=== Extracted data ===
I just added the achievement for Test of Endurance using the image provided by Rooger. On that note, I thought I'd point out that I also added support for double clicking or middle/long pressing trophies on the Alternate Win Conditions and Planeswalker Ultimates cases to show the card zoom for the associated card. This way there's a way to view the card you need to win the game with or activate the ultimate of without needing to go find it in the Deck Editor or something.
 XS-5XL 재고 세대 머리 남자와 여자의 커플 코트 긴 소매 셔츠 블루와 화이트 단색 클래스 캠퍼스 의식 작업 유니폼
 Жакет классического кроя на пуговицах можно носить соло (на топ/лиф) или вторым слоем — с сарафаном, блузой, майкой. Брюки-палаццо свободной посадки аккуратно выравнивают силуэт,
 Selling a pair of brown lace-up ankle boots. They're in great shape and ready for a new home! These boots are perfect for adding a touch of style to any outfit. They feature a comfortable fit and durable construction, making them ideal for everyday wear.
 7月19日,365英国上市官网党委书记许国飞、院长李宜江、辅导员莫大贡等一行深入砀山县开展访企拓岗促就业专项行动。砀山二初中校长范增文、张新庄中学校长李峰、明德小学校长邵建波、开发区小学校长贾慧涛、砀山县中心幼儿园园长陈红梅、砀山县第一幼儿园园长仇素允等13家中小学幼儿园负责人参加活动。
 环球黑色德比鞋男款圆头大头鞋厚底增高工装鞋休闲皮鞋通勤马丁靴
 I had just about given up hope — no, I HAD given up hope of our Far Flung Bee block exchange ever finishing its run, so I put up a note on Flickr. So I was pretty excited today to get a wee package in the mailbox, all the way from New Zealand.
===
• [Task details] Write out all of the records above exactly as they appear.

• [Task response]
I just added the achievement for Test of Endurance using the image provided by Rooger. On that note, I thought I'd point out that I also added support for double clicking or middle/long pressing trophies on the Alternate Win Conditions and Planeswalker Ultimates cases to show the card zoom for the associated card. This way there's a way to view the card you need to win the game with or activate the ultimate of without needing to go find it in the Deck Editor or something.
 XS-5XL 재고 세대 머리 남자와 여자의 커플 코트 긴 소매 셔츠 블루와 화이트 단색 클래스 캠퍼스 의식 작업 유니폼
 Жакет классического кроя на пуговицах можно носить соло (на топ/лиф) или вторым слоем — с сарафаном, блузой, майкой. Брюки-палаццо свободной посадки аккуратно выравнивают силуэт,
 Selling a pair of brown lace-up ankle boots. They're in great shape and ready for a new home! These boots are perfect for adding a touch of style to any outfit. They feature a comfortable fit and durable construction, making them ideal for everyday wear.
 7月19日,365英国上市官网党委书记许国飞、院长李宜江、辅导员莫大贡等一行深入砀山县开展访企拓岗促就业专项行动。砀山二初中校长范增文、张新庄中学校长李峰、明德小学校长邵建波、开发区小学校长贾慧涛、砀山县中心幼儿园园长陈红梅、砀山县第一幼儿园园长仇素允等13家中小学幼儿园负责人参加活动。
 环球黑色德比鞋男款圆头大头鞋厚底增高工装鞋休闲皮鞋通勤马丁靴
 I had just about given up hope — no, I HAD given up hope of our Far Flung Bee block exchange ever finishing its run, so I put up a note on Flickr. So I was pretty excited today to get a wee package in the mailbox, all the way from New Zealand.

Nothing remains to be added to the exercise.